This course provided a comprehensive foundation in the mathematical principles essential for machine learning and artificial intelligence. I gained a deep understanding of how random variables are described and how the chain rule is applied in machine learning contexts. The course covered probability and information theory, including random variables, chain rule of conditional probabilities, and properties of mathematical functions commonly used in machine learning.
I explored topics from linear algebra that are essential for machine learning tasks, learning how to work with vectors, matrices, and their operations. The course also covered numerical computations including gradient descent and constrained optimization, which are fundamental techniques for training machine learning models.
Key concepts I mastered include maximum likelihood estimation, regression techniques, classification evaluation, and dimensional reduction techniques.
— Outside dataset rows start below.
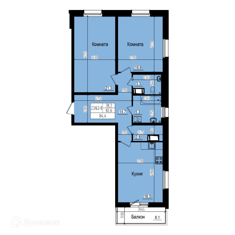 Общая площадь 82.6 м2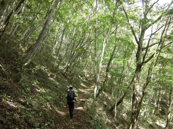 秋晴れの青空、明るい陽射し、紅葉にはちょっと早いとはいえ、気持ちのいい登りです。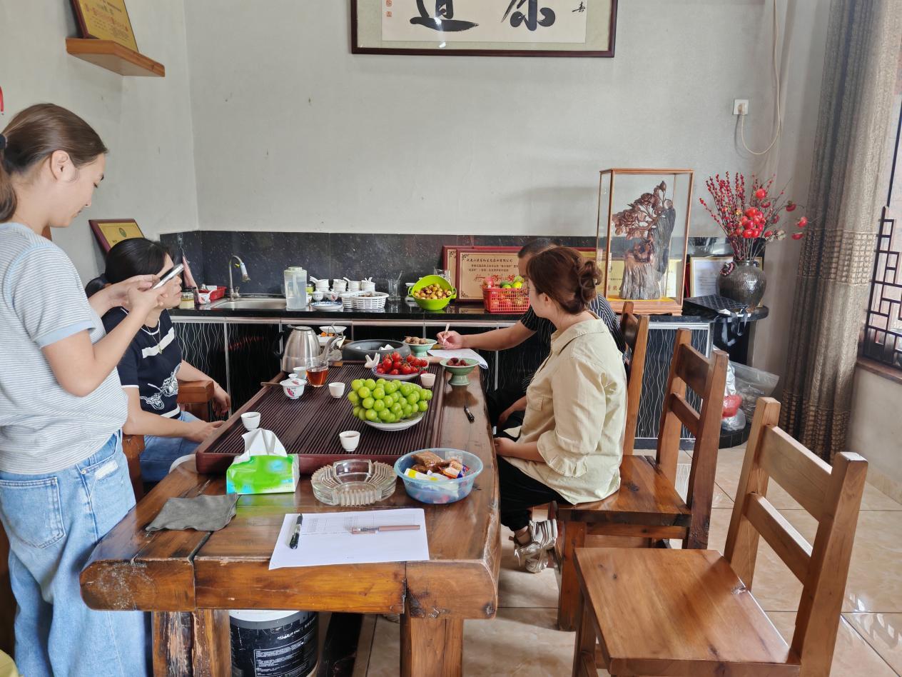 (调研团队与村民交谈、收集茶叶生产的相关数据)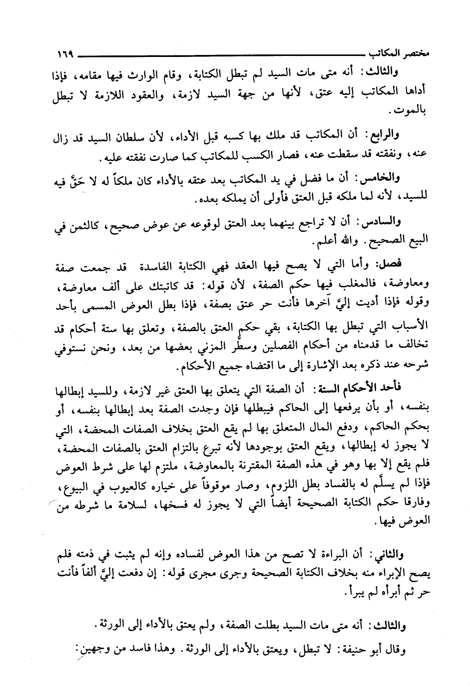 وَأَمَّا الَّتِي لَا يَصِحُّ فِيهَا الْعَقْدُ فَهِيَ الْكِتَابَةُ الْفَاسِدَةُ قَدْ جَمَعَتْ صِفَةً وَمُعَاوَضَةً، فَالْمُغَلَّبُ فِيهَا حُكْمُ الصِّفَةِ، لِأَنَّ قَوْلَهُ: قَدْ كَاتَبْتُكَ عَلَى أَلْفٍ مُعَاوَضَةً، وَقَوْلَهُ فَإِذَا أَدَّيْتَ إِلَيَّ آخِرَهَا فَأَنْتَ حُرٌّ عِتْقٌ بِصِفَةٍ، فَإِذَا بَطَلَ الْعِوَضُ الْمُسَمَّى بِأَحَدِ الْأَسْبَابِ الَّتِي تَبْطُلُ بِهَا الْكِتَابَةُ، بَقِيَ حُكْمُ الْعِتْقِ بِالصِّفَةِ، وَتَعَلَّقَ بِهَا سِتَّةُ أَحْكَامٍ قَدْ تُخَالِفُ مَا قَدَّمْنَاهُ مِنْ أَحْكَامِ الْفَصْلَيْنِ وَسَطَّرَ الْمُزَنِيُّ بَعْضَهَا مِنْ بَعْدُ، وَنَحْنُ نَسْتَوْفِي شَرْحَهُ عِنْدَ ذِكْرِهِ بَعْدَ الْإِشَارَةِ إِلَى مَا اقْتَضَاهُ جَمِيعُ الْأَحْكَامِ.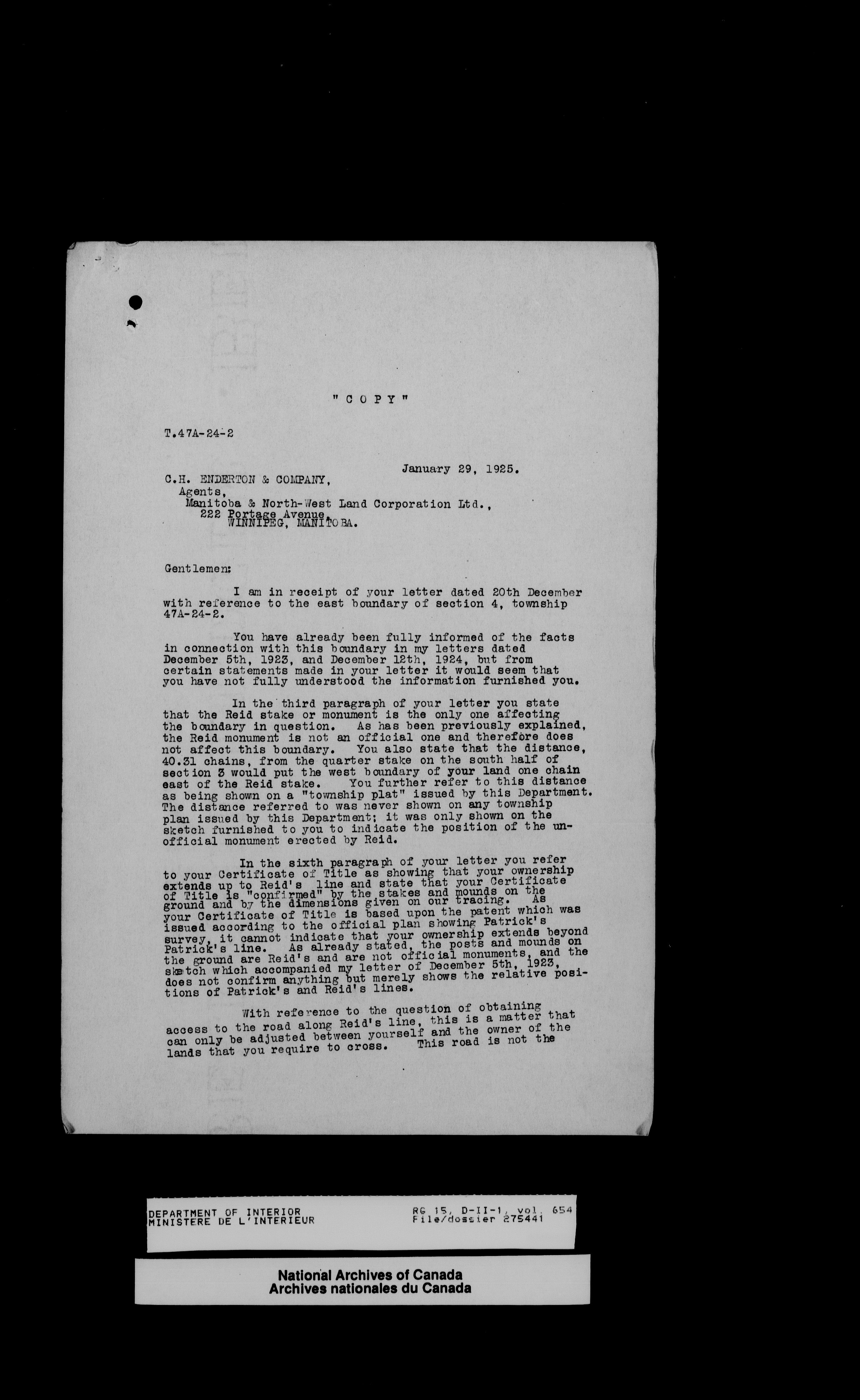 Central registry subject files created by the Dominion Lands Branch - 14403

I also gained knowledge in Mathematical Game Theory and Markov chains, understanding how these concepts apply to AI systems and decision-making processes.
The course emphasized developing time-dependent, deterministic, and stochastic state space functions, which are crucial for modeling dynamic systems in AI. Through practical exercises, I learned to identify and develop solutions for Mathematical Game Theory problems and to work with dynamical systems including time-dependent functions, deterministic and stochastic state spaces, and evolution rules.
This course has equipped me with the mathematical foundation necessary to understand, implement, and optimize machine learning algorithms, providing the theoretical background needed for advanced AI research and development.